Another survey of obscene wealth has confirmed that the super-rich have plundered even more wealth during the pandemic. Rising global stock markets and increased property prices saw more than 51,000 people join the ranks of the “ultra-wealthy” last year.
The number of ultra-high net worth individuals (UHNWIs)—those with assets of more than £22.5 million—rose globally by a record 9.3 percent last year to 610,569. That’s according to a report by the property consultants Knight Frank.
And the British wealthy are leaders in grabbing more loot. The number of Britons with assets of more than £22.5 million has doubled since 2016, and Knight Frank predicts the total will rise to more than 32,000 by 2026.
Britain had the second-fastest rate of growth of ultra-rich people behind the US. “By any of the measures we track, 2021 was a good year for those lucky enough to be the owners of property or other tangible assets,” said Rory Penn. He is head of Knight Frank’s private office, through which he advises ultra-rich clients across the world.
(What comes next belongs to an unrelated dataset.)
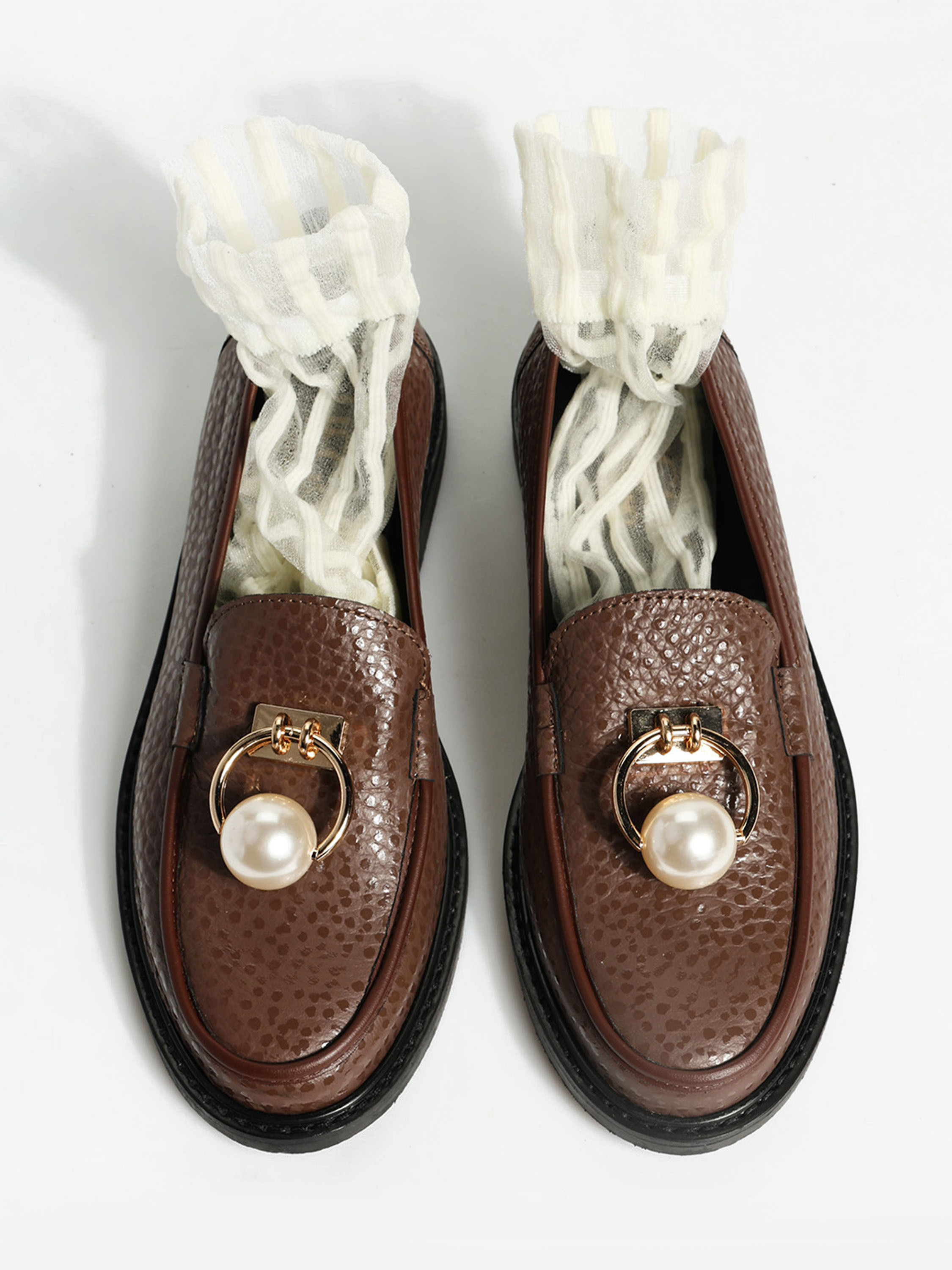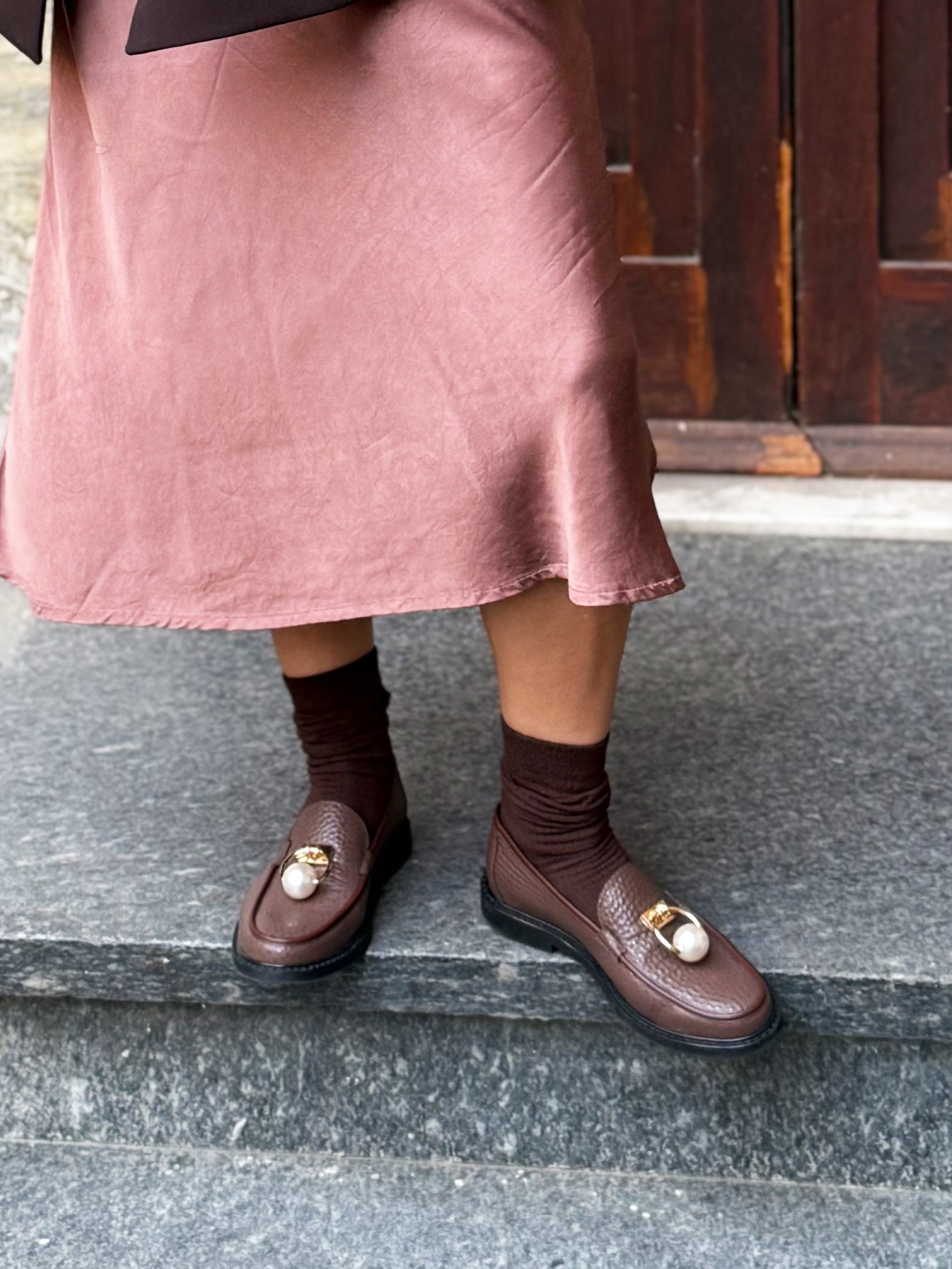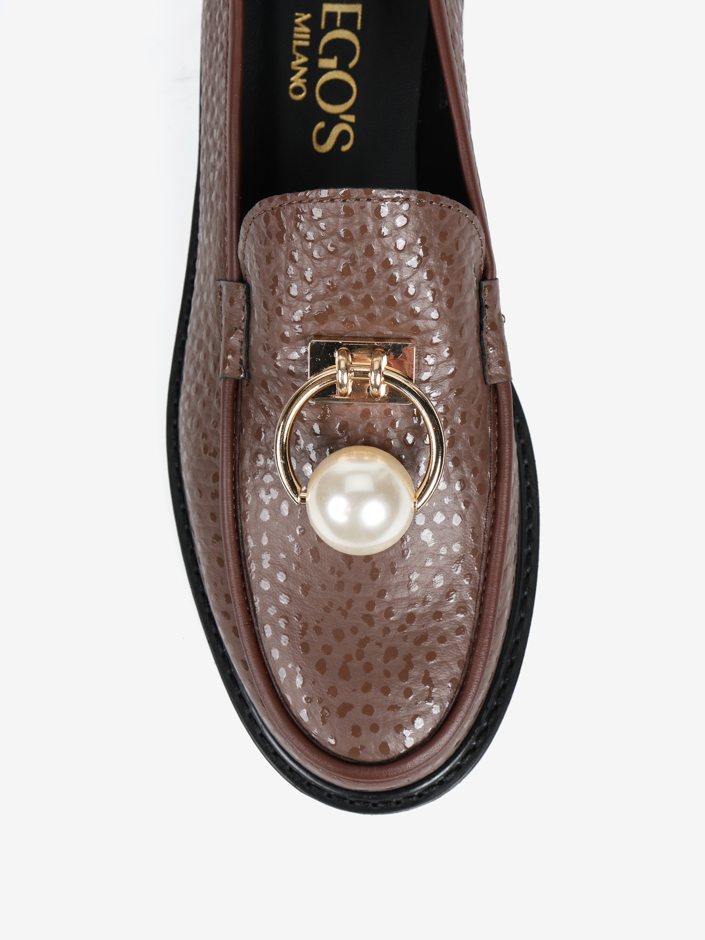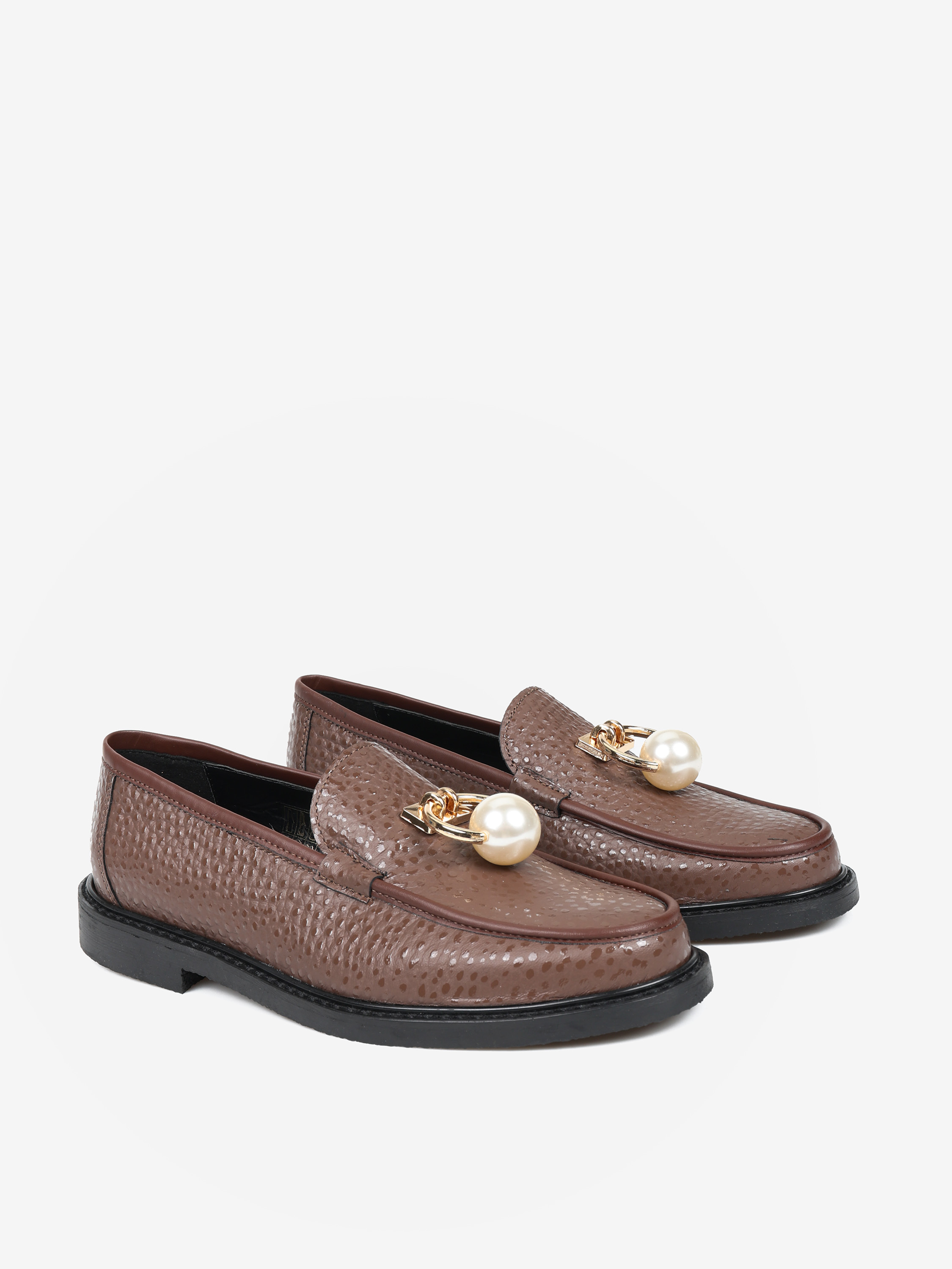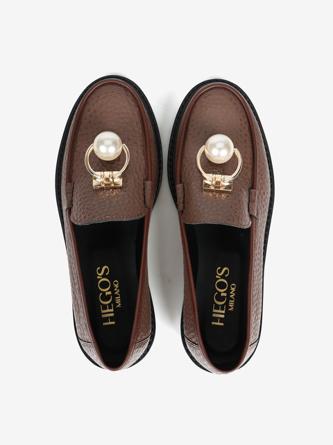 Brązowe mokasyny wykonane z mięsistej skóry. Biżuteryjna aplikacja z perłą.

No surprise then that “the superyacht industry is currently in the middle of a feeding frenzy”. “The most audacious superyacht designs on the drawing boards of today will be made for cruising around the Galapagos Islands and sightseeing in the Arctic Circle in ten years’ time,” the report says. This comes as the report admits, “Global inequality levels, exacerbated by rising energy and food costs, are increasing—even in the developed world.”
On average ultra-rich people own 2.9 homes, according to Knight Frank’s survey of private bankers and wealth advisers. One easy way to slash homelessness is to use their extra homes. Tax haven Monaco stood out as the country with the most super-rich people per capita. Some 199 people held assets of £22.5 million or more out of a population of just 39,000.
Monaco is home to several rich Britons, including the former Topshop boss Sir Philip Green and his wife Tina. There’s also the billionaire petrochemicals tycoon Sir James Ratcliffe, property billionaires Simon and David Reuben and John Hargreaves the founder and chairman of Matalan. And there’s John Caudwell, the billionaire founder of Phones4u, and Formula One driver Lewis Hamilton.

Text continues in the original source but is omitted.